## PROBLEM
The required output is a verbatim transcription of the listing, pictures excluded.

## INFORMATION PROVIDED
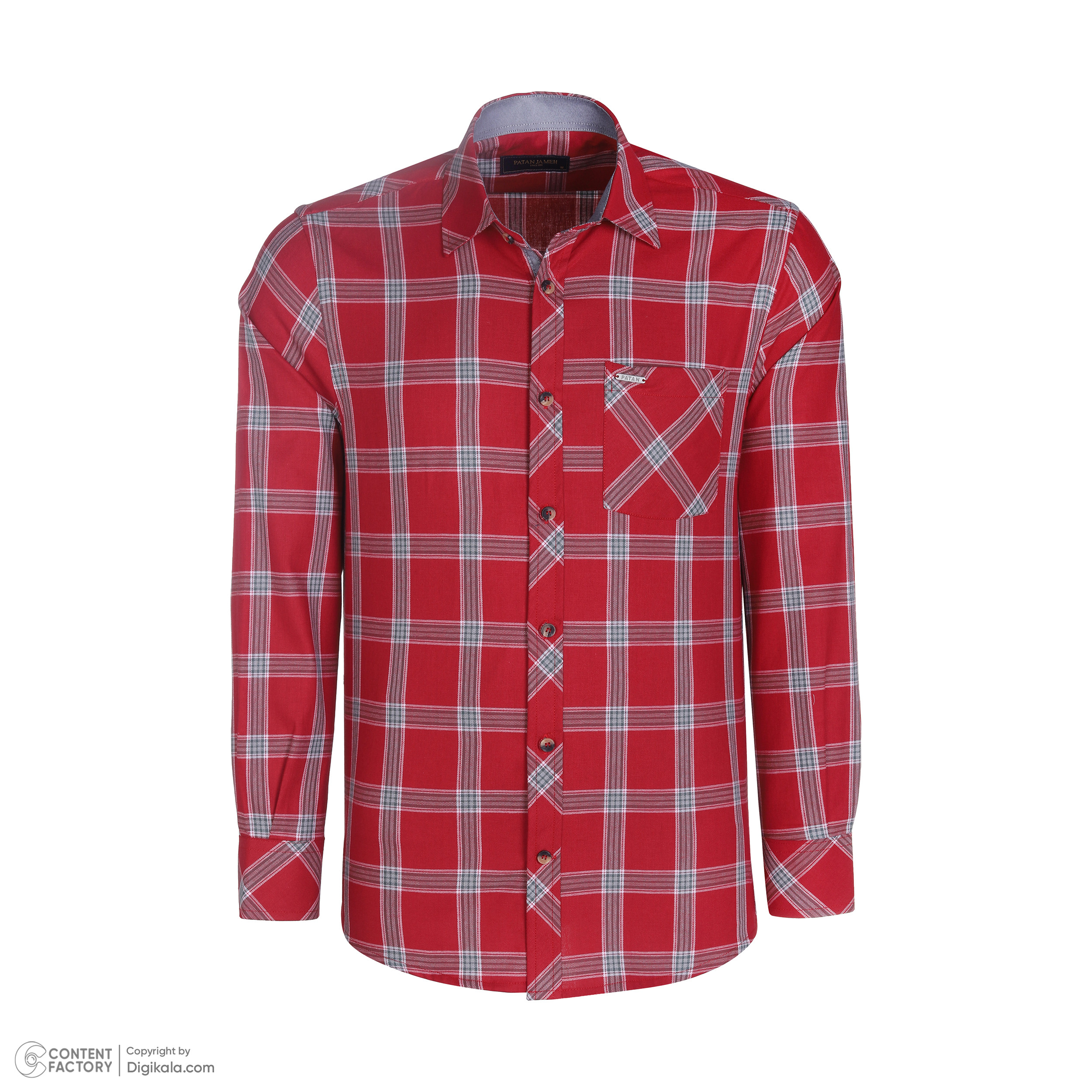 پیراهن آستین بلند یقه برگردان مردانه پاتن جامه مدل کلاسیک 102721030204805 طرح چهارخانه
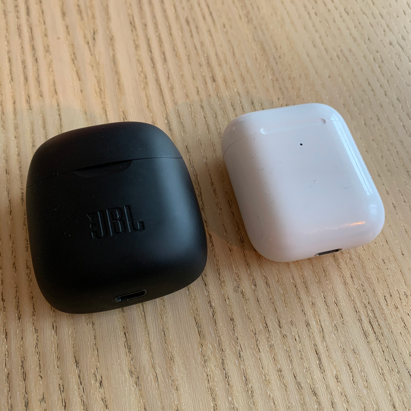 JBL har adopteret den velkendte AirPods-formfaktor med ”tandbørstehoved”-designet, hvor mikrofonerne er placeret for enden af en stang, der går ned mod kinden. Opladeretuiet er en smule større end AirPods ditto, men har også afrundede hjørner.
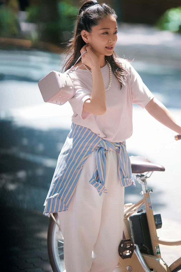 ゆったりしたサイジングの長袖シャツは、自転車などアクティブな日も動きやすく快適。カラーストライプなどアクセントになる色柄なら、腰巻きした時にはまた新しい表情のスタイリングに!温度調整必須な日におすすめのスタイルです。動きやすい白パンツ合わせで清潔感もキープ。

## SOLUTION
 پیراهن آستین بلند یقه برگردان مردانه پاتن جامه مدل کلاسیک 102721030204805 طرح چهارخانه
 JBL har adopteret den velkendte AirPods-formfaktor med ”tandbørstehoved”-designet, hvor mikrofonerne er placeret for enden af en stang, der går ned mod kinden. Opladeretuiet er en smule større end AirPods ditto, men har også afrundede hjørner.
 ゆったりしたサイジングの長袖シャツは、自転車などアクティブな日も動きやすく快適。カラーストライプなどアクセントになる色柄なら、腰巻きした時にはまた新しい表情のスタイリングに!温度調整必須な日におすすめのスタイルです。動きやすい白パンツ合わせで清潔感もキープ。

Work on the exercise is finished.